WHAT IS EXPECTED
Exactly as written, return the entries below, minus any pictures.

(THE RECORDS)

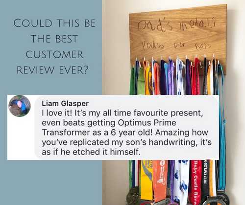 - Start by placing your order for a chopping board, medal display, photo frame or any other personalised item from the Hugo's Workshop website
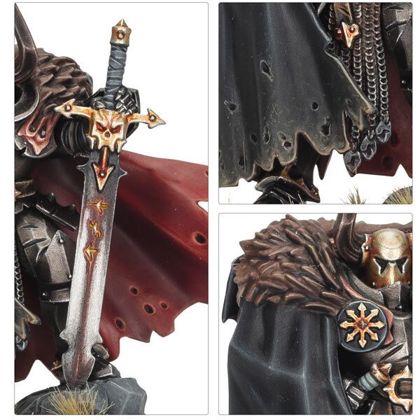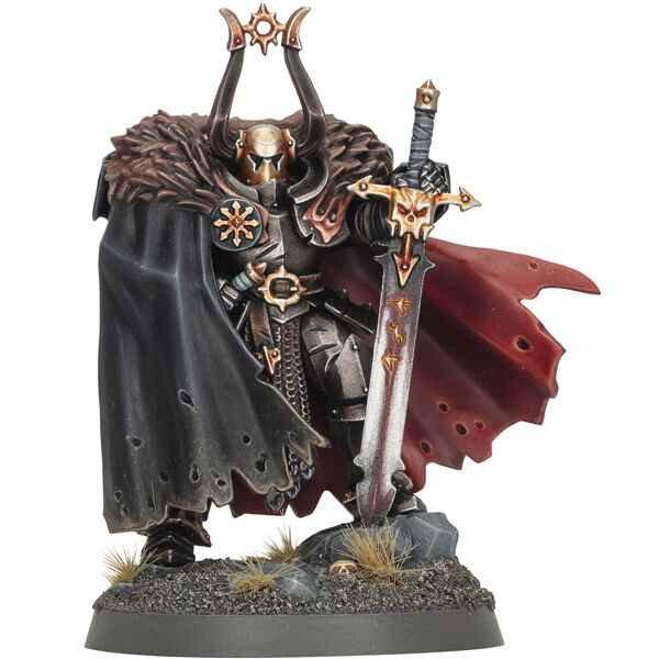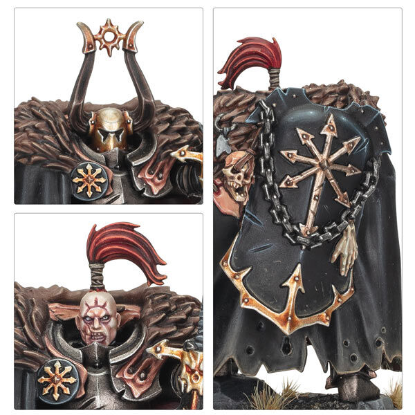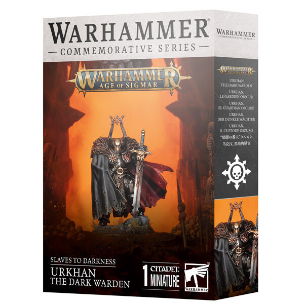 Celebrate Warhammer Day 2025 with Urkhan the Dark Warden, a brooding Chaos Warrior to lead your Slaves to Darkness armies in games of Warhammer Age of Sigmar. As an Exalted Hero of Chaos he excels in cutting down even the largest monsters or enemy leaders. Standing smugly with his cape billowing in the wind and his heavy sword planted firmly, he makes for a fantastic painting project. Urkan comes with a choice of two heads – one helmeted with long curving horns, and one bare with a tall top knot and a chaos star etched into his flesh.
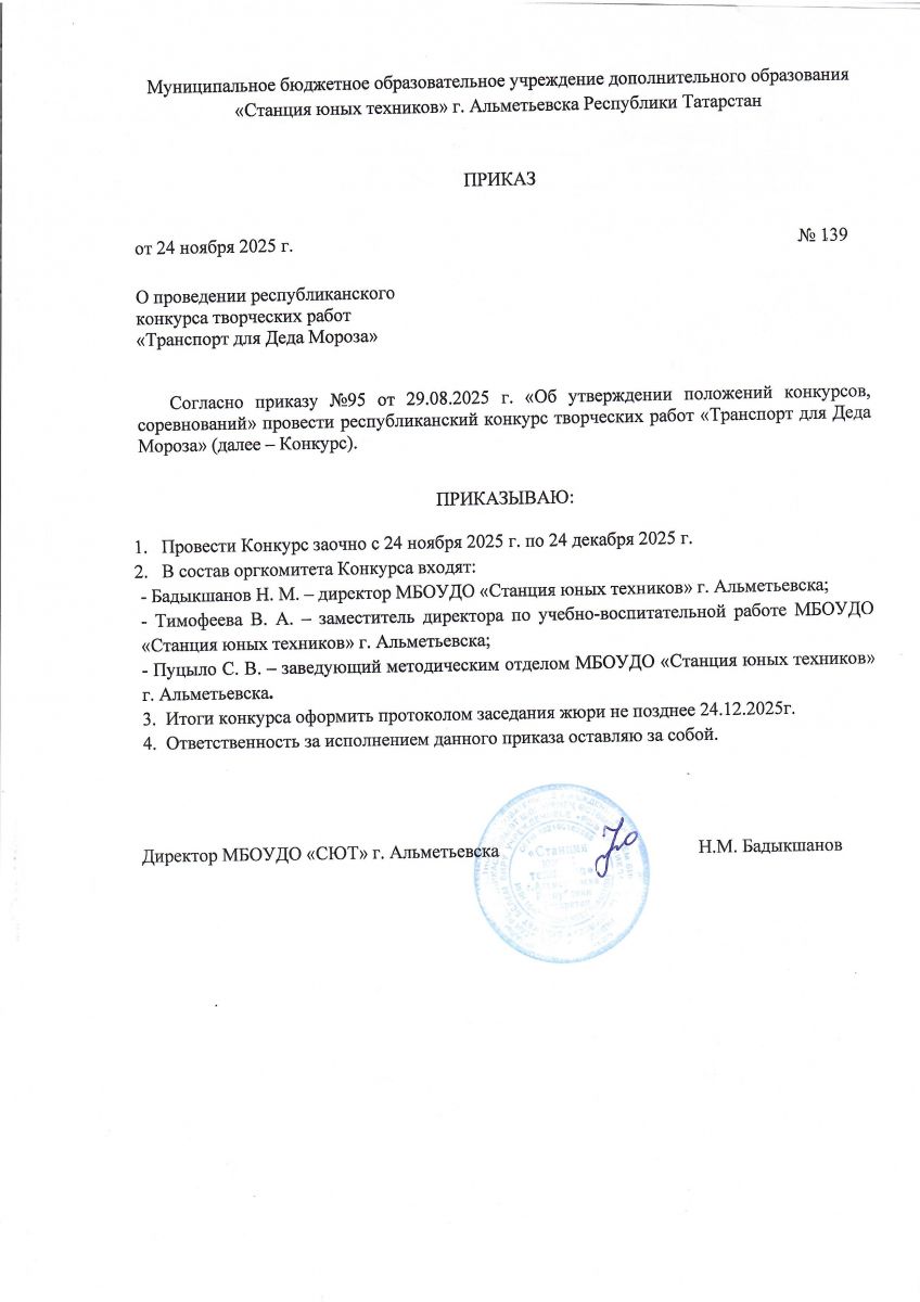Приказ о проведении Республиканского конкурса творческих работ "Новогодний транспорт для Деда Мороза"
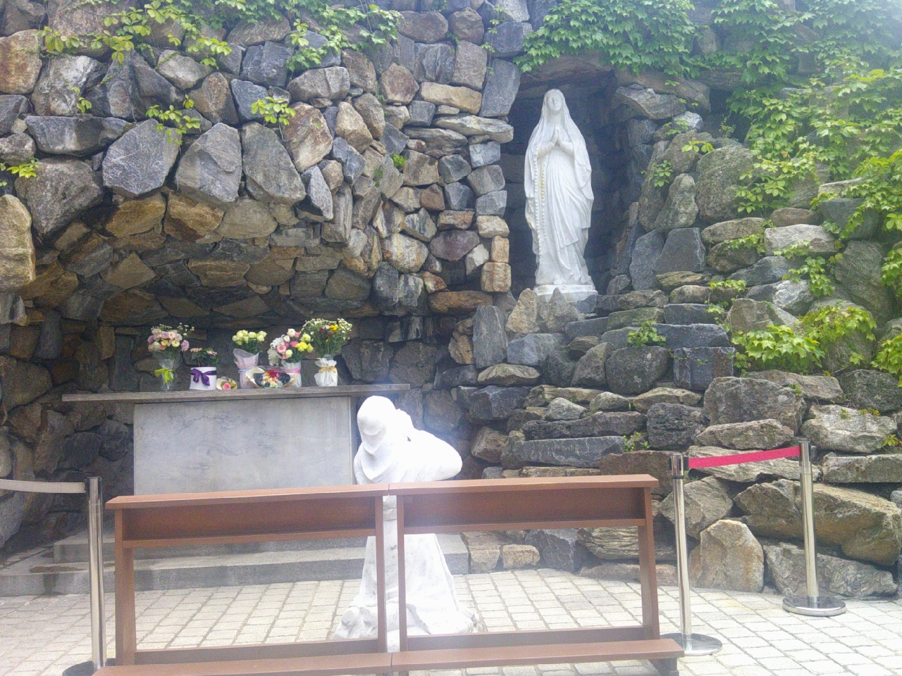 礼拝堂に入って、静かな時間を過ごすのが定番だと思いますが、日本語を含む、数か国語でパンフも用意されていて、裏手の聖母像のことや、地下の礼拝堂、階段途中の洞窟のことなど、詳細に解説されているので、これを見ながら巡られると良いです。
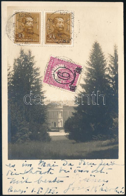 Károlyi József gróf (1884?1934): jogász, földbirtokos, országgyűlési képviselő, IV. Károly halála (1922) után a magyar legitimisták politikai vezére, a Magyar Férfiak Szentkorona Szövetségének alapítója (1926) és egyik vezetője, Károlyi Mihály féltestvére. Az utolsó Wekerle-kormány Fejér vármegye főispánjává nevezte ki 1917 júliusától, miután azonban kitört az őszirózsás forradalom, 1918 novemberében lemondott tisztségéről, és az ő indítványának köszönhetően Fejér vármegye törvényhatósági közgyűlése 1919 februárjában bizalmatlanságot szavazott féltestvére, Károlyi Mihály kormányának. Ez volt tulajdonképpen az első ellenforradalmi megmozdulás. A Tanácsköztársaság bukása után ismét Fejér vármegye főispánja lett, de miután második visszatérési kísérlete után őrizetbe vették IV. Károlyt, tiltakozásul 1921. október 23-án lemondott tisztségéről. 1922 februárjában követte a száműzött királyi családot Madeirára, ott volt az 1922. április 1-jén elhunyt uralkodó halálos ágyánál is. 1934. szeptember 10-én bekövetkezett halála előtt Károlyi József már évek óta betegeskedett, a képeslapot 1933. január 1-jén írta (a szöveg végén olvasható: Jozef Karolyi), és 3-án adták fel Fehérvárcsurgón. A képeslapon (részben) látható fehérvárcsurgói kastély 1844?1851-ben épült Károlyi György megbízásából, 1888-ban Károlyi Gyula, majd fia, József lett a tulajdonosa. ?Nevéhez fűződik az épület díszudvar felőli homlokzatának 1910 körüli eklektikus, barokk átalakítása.?
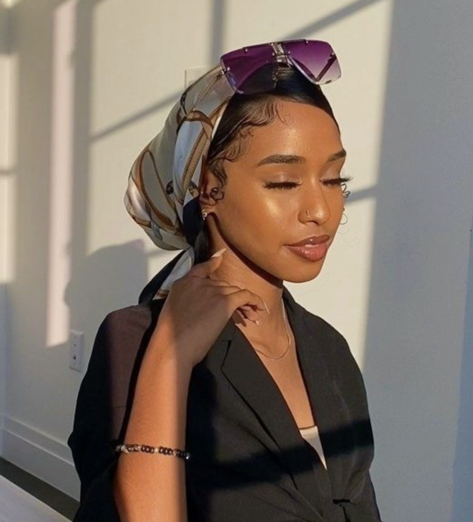 With all of the responsibilities of the modern day, sometimes, the only thing you can commit to slaying is your edges. If the rest of your hair isn’t up to par at the moment, there’s no need to run and find the emergency dry shampoo! Wrapping it all up in your bandana like this style here is a chic quick fix.

(End THE RECORDS)

OUTPUT BELOW
 - Start by placing your order for a chopping board, medal display, photo frame or any other personalised item from the Hugo's Workshop website
 Celebrate Warhammer Day 2025 with Urkhan the Dark Warden, a brooding Chaos Warrior to lead your Slaves to Darkness armies in games of Warhammer Age of Sigmar. As an Exalted Hero of Chaos he excels in cutting down even the largest monsters or enemy leaders. Standing smugly with his cape billowing in the wind and his heavy sword planted firmly, he makes for a fantastic painting project. Urkan comes with a choice of two heads – one helmeted with long curving horns, and one bare with a tall top knot and a chaos star etched into his flesh.
Приказ о проведении Республиканского конкурса творческих работ "Новогодний транспорт для Деда Мороза"
 礼拝堂に入って、静かな時間を過ごすのが定番だと思いますが、日本語を含む、数か国語でパンフも用意されていて、裏手の聖母像のことや、地下の礼拝堂、階段途中の洞窟のことなど、詳細に解説されているので、これを見ながら巡られると良いです。
 Károlyi József gróf (1884?1934): jogász, földbirtokos, országgyűlési képviselő, IV. Károly halála (1922) után a magyar legitimisták politikai vezére, a Magyar Férfiak Szentkorona Szövetségének alapítója (1926) és egyik vezetője, Károlyi Mihály féltestvére. Az utolsó Wekerle-kormány Fejér vármegye főispánjává nevezte ki 1917 júliusától, miután azonban kitört az őszirózsás forradalom, 1918 novemberében lemondott tisztségéről, és az ő indítványának köszönhetően Fejér vármegye törvényhatósági közgyűlése 1919 februárjában bizalmatlanságot szavazott féltestvére, Károlyi Mihály kormányának. Ez volt tulajdonképpen az első ellenforradalmi megmozdulás. A Tanácsköztársaság bukása után ismét Fejér vármegye főispánja lett, de miután második visszatérési kísérlete után őrizetbe vették IV. Károlyt, tiltakozásul 1921. október 23-án lemondott tisztségéről. 1922 februárjában követte a száműzött királyi családot Madeirára, ott volt az 1922. április 1-jén elhunyt uralkodó halálos ágyánál is. 1934. szeptember 10-én bekövetkezett halála előtt Károlyi József már évek óta betegeskedett, a képeslapot 1933. január 1-jén írta (a szöveg végén olvasható: Jozef Karolyi), és 3-án adták fel Fehérvárcsurgón. A képeslapon (részben) látható fehérvárcsurgói kastély 1844?1851-ben épült Károlyi György megbízásából, 1888-ban Károlyi Gyula, majd fia, József lett a tulajdonosa. ?Nevéhez fűződik az épület díszudvar felőli homlokzatának 1910 körüli eklektikus, barokk átalakítása.?
 With all of the responsibilities of the modern day, sometimes, the only thing you can commit to slaying is your edges. If the rest of your hair isn’t up to par at the moment, there’s no need to run and find the emergency dry shampoo! Wrapping it all up in your bandana like this style here is a chic quick fix.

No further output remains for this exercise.